Task to complete ->
When you reach the line with "我不知道微信小程序的navi", transcribe it and each line after it through the last one below, exactly. Pictures stay out.

Saved entries

Segment Open

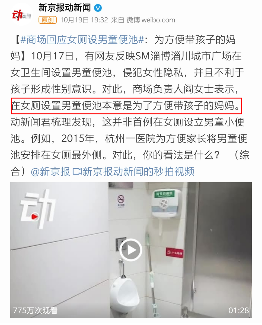 在女厕里安装男童便池,看似是方便亲子共同出行,却没有去质疑“爸爸去哪儿了”,反而强化了就该妈妈带孩子的刻板印象。
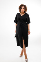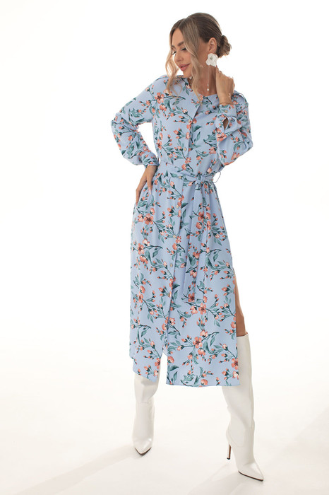 Платье с центральной застежкой на петли и пуговицы, без воротника, с круглым вырезом горловины. По боковым швам- разрезы. Плечевые швы переходящие на перед. По плечевым швам расположены паты, закрепленные петлей и пуговицей. Платье со съемным поясом, закрепленным шлевками по боковым швам. Рукав втачной, длинный, с отрезной манжетой.
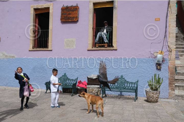 GUANAJUATO, GUANAJUATO, 24OCTUBRE2019.- Durante la tarde niños alimentan a las palomas que permanecen enfrente del Museo de Cera. FOTO: GRACIELA LÓPEZ /CUARTOSCURO.COM
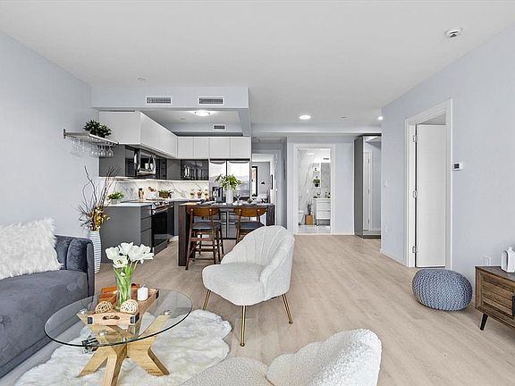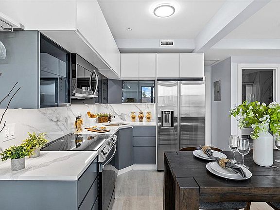 Inside this sun-splashed home, discover tall ceilings with recessed lighting, oversized windows and sliding glass doors. The large open-plan living/dining room opens to a wide balcony, perfect for indoor-outdoor enjoyment. Fall in love with the open gourmet kitchen finished with sleek gray and white cabinetry, quartz counters and stainless-steel Samsung appliances, including an electric range, French door refrigerator, dishwasher and built-in microwave.
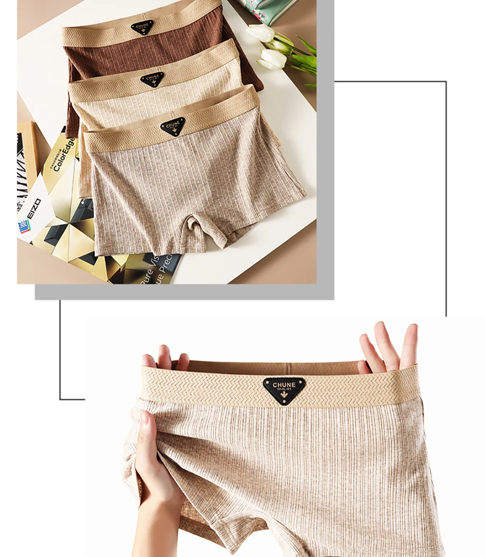 3PCS/Pack 100% Cotton Solid Striped Panties for Women Hygroscopic Breathable Lingerie Comfortable Soft Crotch Safety Underwear
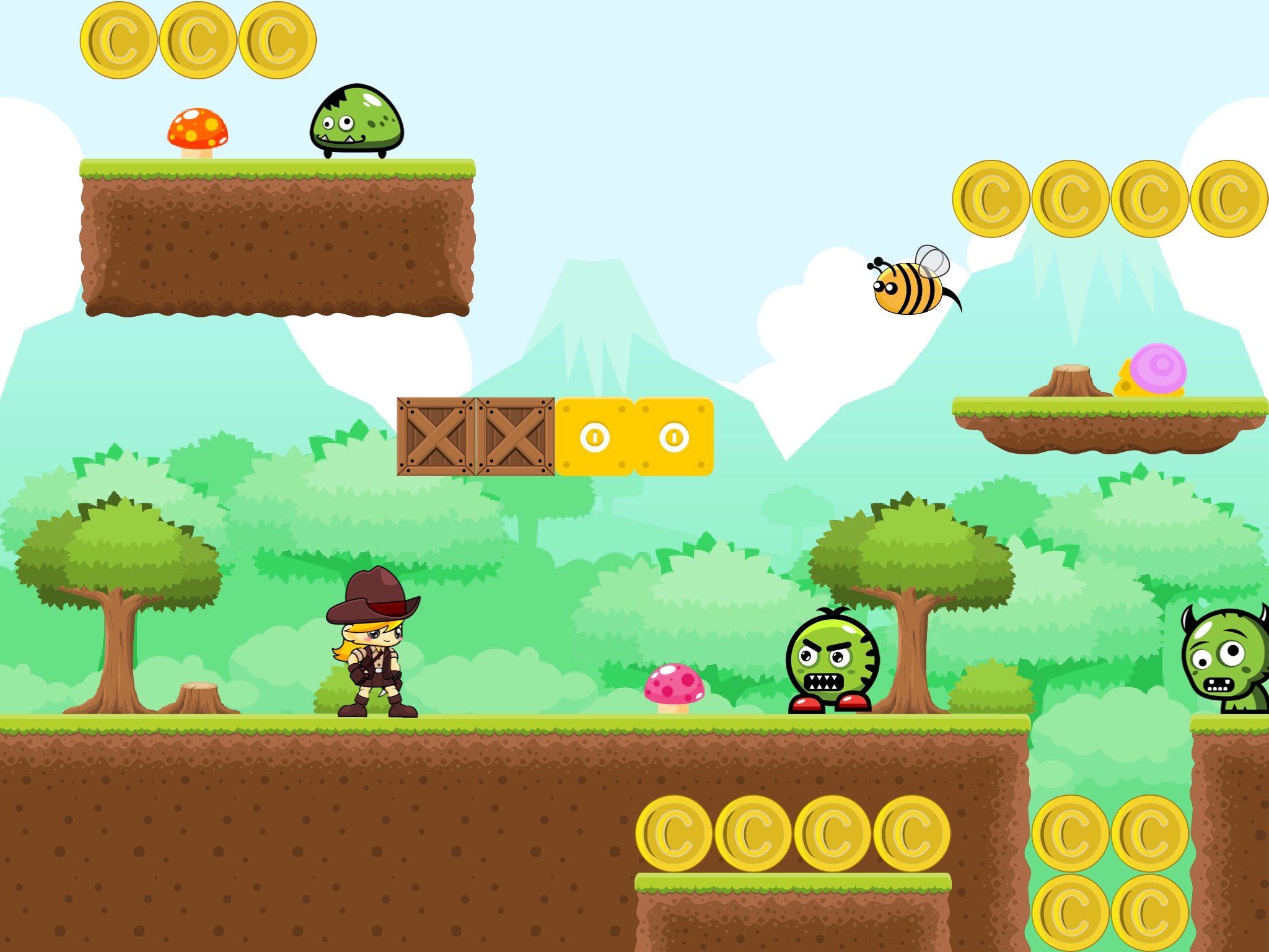Collect the coins and game items which will help your adventure much easier.
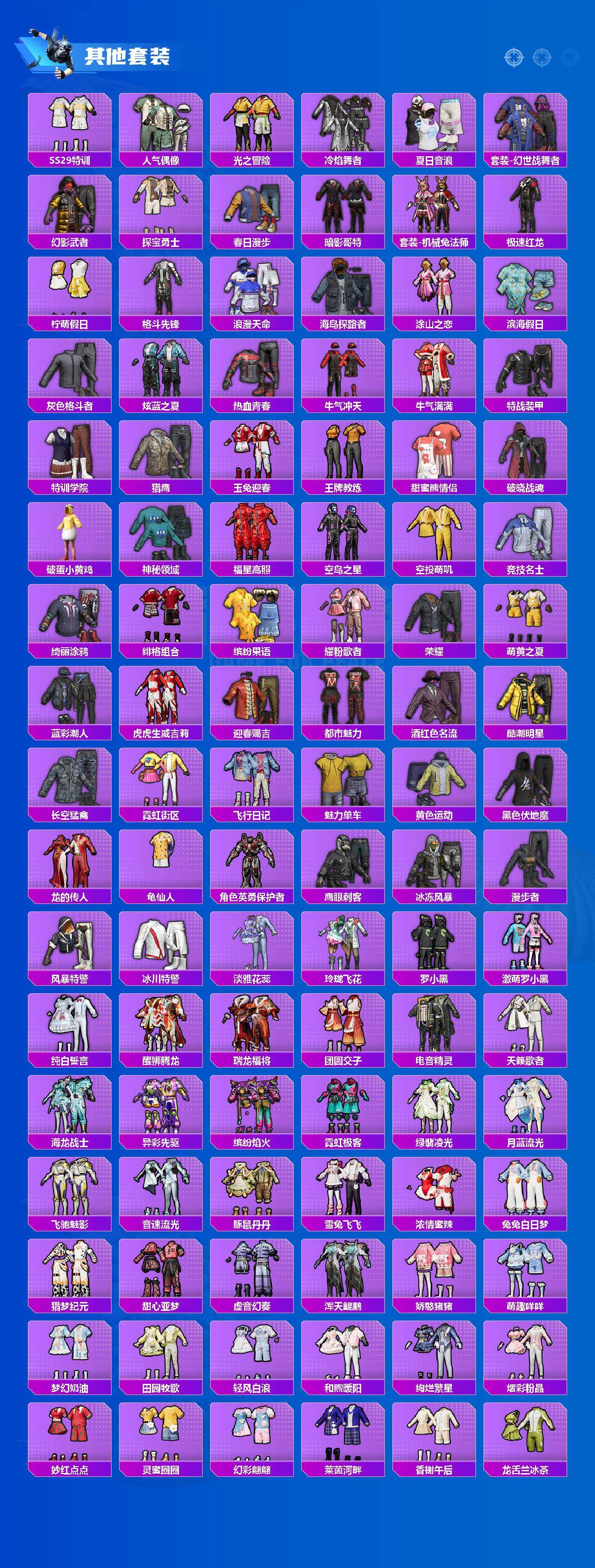 【粉色套装】:粉装-宝贝奶油派,粉装-蝶舞迷情,粉装-梦幻火箭,粉装-缤纷油彩,粉装-暗夜玫瑰,粉装-彩虹鹿灵,粉装-山涧鹿灵,粉装-甜心娃娃,粉装-精灵娃娃,粉装-酣梦娃娃,粉装-赤焰黑爵,粉装-紫电风暴,粉装-闪光银龙,粉装-傲雪凌霜,粉装-霁雪冰心,粉装-旋转彩虹,粉装-冰川粉黛,粉装-冰川幽秘,粉装-冰川红玫,粉装-霞光圣骑,粉装-寒光使者,角色-歌者泠鸢,粉装-暗夜鎏金,粉装-第五大道,粉装-瑰丽时代,粉装-飒粉甜心,粉装-黄族统领,角色-白勺歌姬,角色-呆萌星弥,角色-小可学妹,粉装-未来歌姬,粉装-闲梦青缨,粉装-萌物绒绒,角色-星云暗核,粉装-祥瑞锦鲤,角色-智耀战神
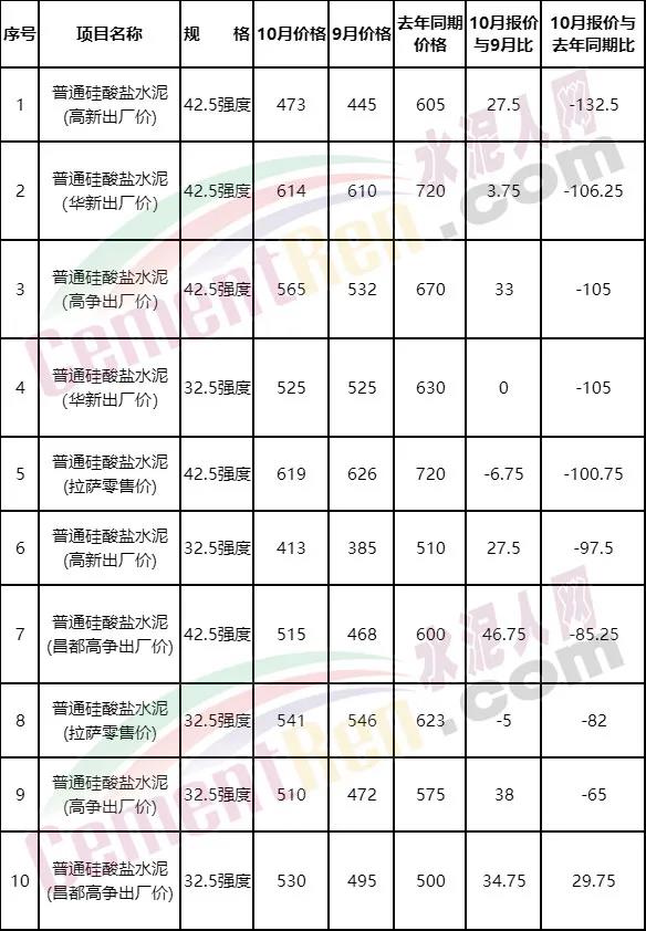 據(jù)10月末西藏發(fā)改委公布數(shù)據(jù),高新、華新、高爭(zhēng)等多家企業(yè)32.5和42.5強(qiáng)度水泥與去年同期相比出現(xiàn)不同程度的下跌。其中,普通硅酸鹽水泥出廠價(jià)10月份報(bào)價(jià)較去年同期下跌相對(duì)較大。其中42.5強(qiáng)度高新跌132.5元/噸,華新下跌106.25元/噸,高爭(zhēng)下跌105元/噸;32.5強(qiáng)度,華新下跌105元/噸;拉薩地區(qū)42.5強(qiáng)度零售價(jià)下跌100.75元/噸。
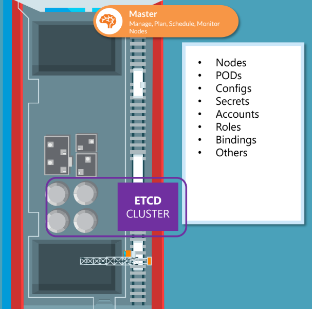 $ kubectl get pods -n kube-system NAMESPACE NAME READY STATUS RESTARTS AGE kube-system coredns-78fcdf6894-prwvl 1/1 Running 0 1h kube-system coredns-78fcdf6894-vqd9w 1/1 Running 0 1h kube-system etcd-master 1/1 Running 0 1h kube-system kube-apiserver-master 1/1 Running 0 1h kube-system kube-controller-manager-master 1/1 Running 0 1h kube-system kube-proxy-f6k26 1/1 Running 0 1h kube-system kube-proxy-hnzsw 1/1 Running 0 1h kube-system kube-scheduler-master 1/1 Running 0 1h kube-system weave-net-924k8 2/2 Running 1 1h kube-system weave-net-hzfcz 2/2 Running 1 1h NAMESPACE NAME READY STATUS RESTARTS AGE kube-system coredns-78fcdf6894-prwvl $ kubectl exec etcd-master –n kube-system etcdctl get / --prefix –keys-only /registry/apiregistration.k8s.io/apiservices/v1. /registry/apiregistration.k8s.io/apiservices/v1.apps /registry/apiregistration.k8s.io/apiservices/v1.authentication.k8s.io /registry/apiregistration.k8s.io/apiservices/v1.authorization.k8s.io /registry/apiregistration.k8s.io/apiservices/v1.autoscaling /registry/apiregistration.k8s.io/apiservices/v1.batch /registry/apiregistration.k8s.io/apiservices/v1.networking.k8s.io /registry/apiregistration.k8s.io/apiservices/v1.rbac.authorization.k8s.io /registry/apiregistration.k8s.io/apiservices/v1.storage.k8s.io /registry/apiregistration.k8s.io/apiservices/v1beta1.admissionregistration.k8s.io
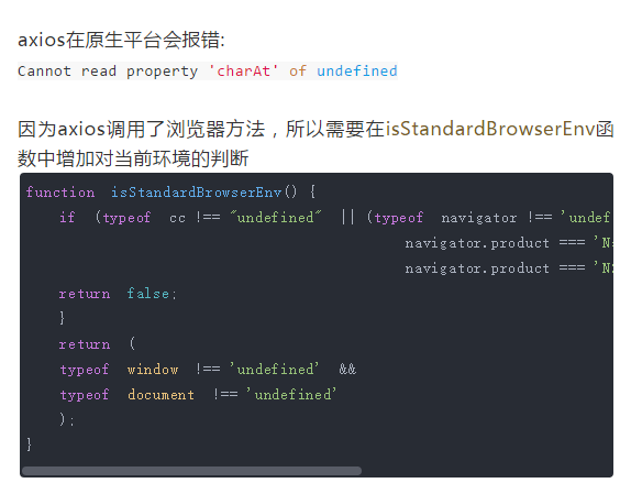 我不知道微信小程序的navigator.product的值是啥,如果navigator.product有值的话那就强制写死isStandardBrowserEnv的返回值, 如果navigator.product没有值就用这个判断
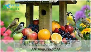 - Feeding alternatives like suet, fresh fruits, and mealworms provide mess-free, healthy options year-round.

Segment Closed

Completed exercise ->
 我不知道微信小程序的navigator.product的值是啥,如果navigator.product有值的话那就强制写死isStandardBrowserEnv的返回值, 如果navigator.product没有值就用这个判断
 - Feeding alternatives like suet, fresh fruits, and mealworms provide mess-free, healthy options year-round.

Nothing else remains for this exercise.